Thousands of Central American migrants, many of them from Honduras, are taking Mexico up on its offer of temporary asylum and work visas. Mexican immigration officials said Sunday that 3,691 people associated with various migrant caravans have registered for temporary status in the country, and the number is expected to grow as more people arrive […]
Thousands of Central American migrants, many of them from Honduras, are taking Mexico up on its offer of temporary asylum and work visas.
Mexican immigration officials said Sunday that 3,691 people associated with various migrant caravans have registered for temporary status in the country, and the number is expected to grow as more people arrive at the border with Guatemala.
Meanwhile, local officials in the southern town of Huixtla provided several buses to transport some of the more than 2,000 migrants on the next stage of their journey towards Tijuana. Others weren’t so lucky and pressed on in blistering 90-degree heat.
Mexico has promised to allow migrants through the border crossing as long as they are orderly, and the country’s new government has agreed to house third-country asylum-seekers while their claims are heard in the United States. The caravan is estimated to contain 1,800 people, including about 100 from El Salvador.
One migrant from Honduras told Fox News on Sunday that he was in the first caravan that reached the US-Mexico border last October. The man said he made it to San Diego illegally, was caught and deported.
Another migrant named “Alex,” who previously received protection under the Obama-era Deferred Action for Childhood Arrivals (DACA) policy, told Fox News he grew up in Indiana after being brought to the US from El Salvador as an infant. Alex said he received a letter nine months ago, after he turned 18, informing him that his DACA status was expiring and that he had 24 days to return to El Salvador or face prosecution.

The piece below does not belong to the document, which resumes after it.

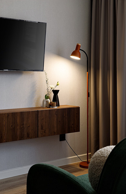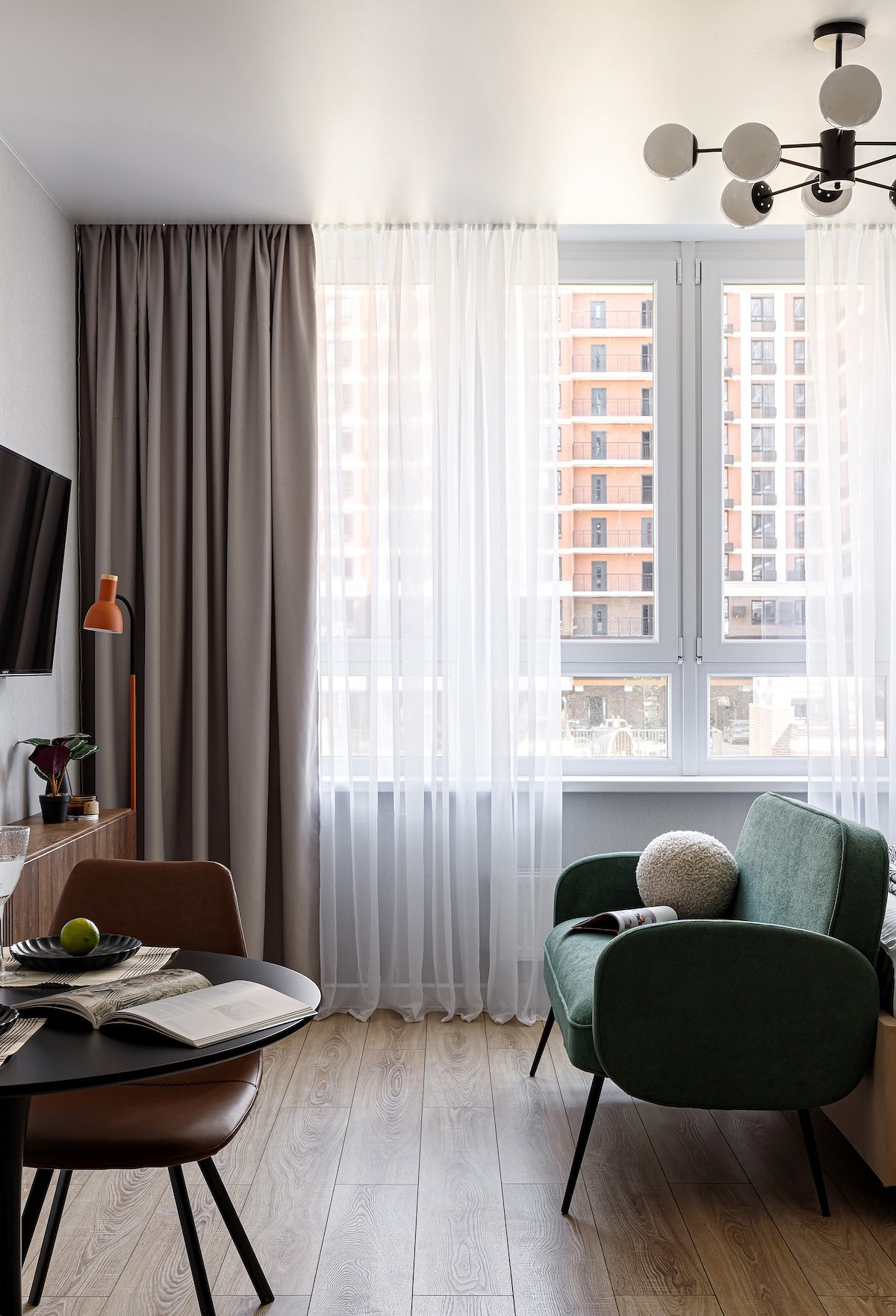 В квартире по проекту Анастасии Дубовсковой создан комфортный интерьер для краткосрочной аренды (квартиру хозяйка покупала на будущее для дочки, а пока она растет, решила сдавать). Из необходимого продумали все — кухню, спальное место, обеденную зону, хранение. А еще в студии есть компактный диванчик, который при желании несложно передвинуть: разместить в изножье кровати для просмотра ТВ или использования как банкетки, или поставить к столу, чтобы расширить обеденную зону.

Alex told Fox News he did’t know what to do as he watched the ongoing battle over immigration policy play out in Washington.
“I just want to get back to the life I had,” he said. “It’s all I know.”
Also Sunday, a second caravan set out in the morning from San Pedro Sula, Honduras, the same location from which the current caravan originated last week. Local reports said that caravan had more than 1,000 people in it.
The second caravan’s departure coincided with calls for a week-long national strike in Honduras to protest the policies of the country’s president, Juan Orlando Hernandez.